He agreed to go on this mission at the request of Emdre who he loves and respects. 
Other information: as a ranger shooting is his speciality. He will often attach himself to the eldar her trusts most if close combat becomes heavy he will use the pistol to shoot whilst keeping away from combat.


----------



## Lord Ramo (Apr 12, 2009)

we will start soon but i idealy want at least one more person to join. Will start saturday evening


----------



## BlackApostleVilhelm (May 14, 2008)

ill join, like DA bear with me cuz this is one of my first Eldar characters

Name: Manan Sher'Ka

Age: Unknown

Personality: Very quite but will speak up at odd times when no one expects it. Rarely ever fights unless he absolutely has too, another issue that seems to stem from whatever happened in his past. He can be very friendly to other Eldar if given the chance but most choose to keep their distance because it unnerves them how it seems when he is looking at it is as if he is prying open and observing their souls.

Appearance: He is very tall as is with all Eldar and has snow white long hair to his mid-back. He looks old but his age is unknown to any who happen to know him, he prefers it this way. His skin is a pasty white and he is completely blind in both eyes which are cataracted white, he wears midnight black robes and minimal armor. 

Weapons: has no ranged weapons at all but carries a long sword covered in glowing red runes.

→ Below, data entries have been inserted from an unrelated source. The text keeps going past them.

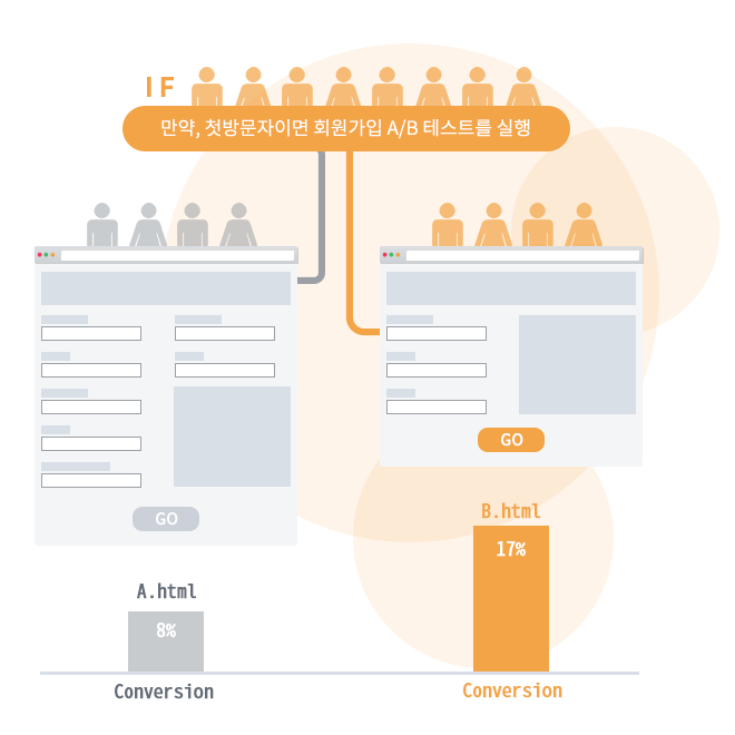 마케팅 가설을 설계 후 즉시 실행할 수 있으며, 결과 데이터 역시 실시간 확인할 수 있어 무척 편리합니다. 실시간 진행할 수 있는 온 사이트 마케팅 조건을 다양한 조합으로 만들기 쉽습니다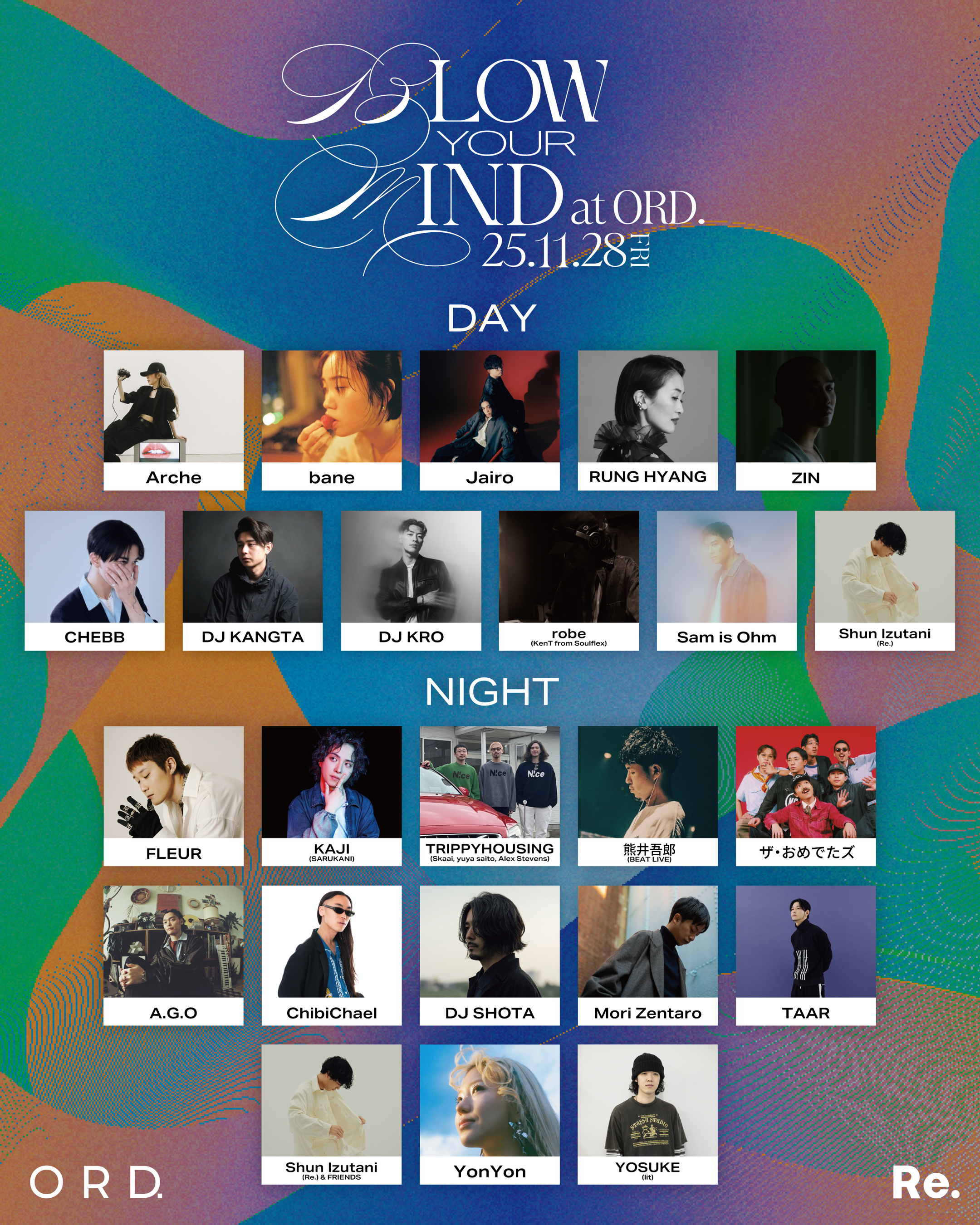 https://prcdn.freetls.fastly.net/release_image/103622/91/103622-91-4ade9ab4490e2c0febcd0ef592bd3c71-2160×2700.png On Friday, November 28th, the highly anticipated event “BLOW YOUR MIND,” hosted by multi-producer collective Re., will be held at their new Daikanyama location, ORD. Re. has made its presence felt through cross-scene events, such as “ENTRANCE” at Time Out Cafe & KATA and “MODERN DISCO” at SOUND MUSEUM VISION. This latest event, the culmination of their efforts, will be split into two parts: DAY and NIGHT, and will be their largest to date. The live performances will feature ZIN, who is about to embark on a Billboard tour; RUNG HYANG, leader of Runhyang Seminar; world beatbox champion Jairo; and the Omedetaz, a rap group from Toyama. Additionally, Goro Kumai will perform a beat live show, and a diverse range of genre-transcending artists will appear, including bane, FLEUR, and TRIPPYHOUSING. DJ SHOTA, Japan’s No. 1 DMC, will make his first appearance as DJ. Popular DJs like YonYon and DJ KRO (Chilly Source) will also be making a return appearance, alongside top producers like Sam is Ohm, A.G.O, TAAR, and Mori Zentaro. VJ watakemi (tsuchifumazu) will be providing VJ and food from TRIP Tacos will be providing food, making this an experiential event that incorporates sound, visuals, and taste. This night will bring together some of the most representative artists in the scene. It will be a rare opportunity to experience the “original festival experience” that Re. has been pursuing at Daikanyama ORD. Performance name Re. presents “BLOW YOUR MIND” at ORD. Performance date and time Friday, November 28, 2025 DAY: OPEN 18:00 START 18:45 CLOSE 23:00 NIGHT: OPEN 22:30 START 23:15 CLOSE 5:00 Venue Daikanyama ORD. 2F, The House Building, 1-34-17 Ebisu Nishi, Shibuya-ku, Tokyo Ticket Prices ONE DAY (All-day ticket): Limited-quantity advance tickets ¥6,500 Advance ¥7,500 Same-day ¥8,500 DAY: Advance ¥4,500 Same-day ¥5,000 NIGHT: Advance ¥3,000 Same-day ¥3,500 (* 1 drink fee not included) Purchase tickets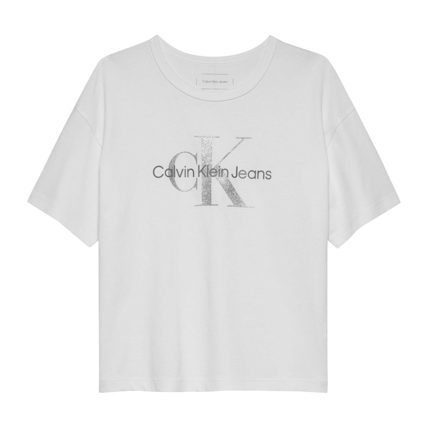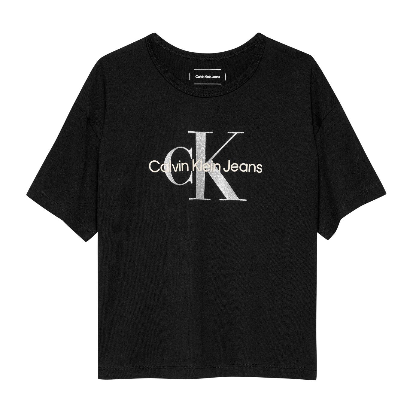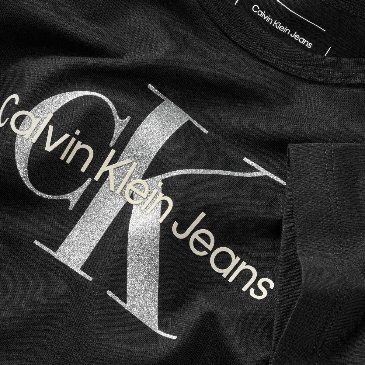 T-shirt manica corta nei colori bianca e nera con scritta argento da bambina della linea Calvin Klein.

Backround: What little is known about Manan is that when he was young he was being primed and trained to join a Seer Council and later become a Farseer, the first was achieved but he has not told anyone if he had ever been a Farseer. It is obvious that something extremely tragic had happened to him a very long time ago which is why he chose exile over staying with the Ulthwe craftworld. He is, or was, apparently an extremely strong psychic but over time and lack of use most of his powers are weakened or gone with the exceptions of him being able to see perfectly with his mind what is around him and the ability to paralyze whoever he chooses for a few minutes.


----------



## Lord Ramo (Apr 12, 2009)

the action thread has started now. If more people want too join im sure i can tie them in somewhere.


----------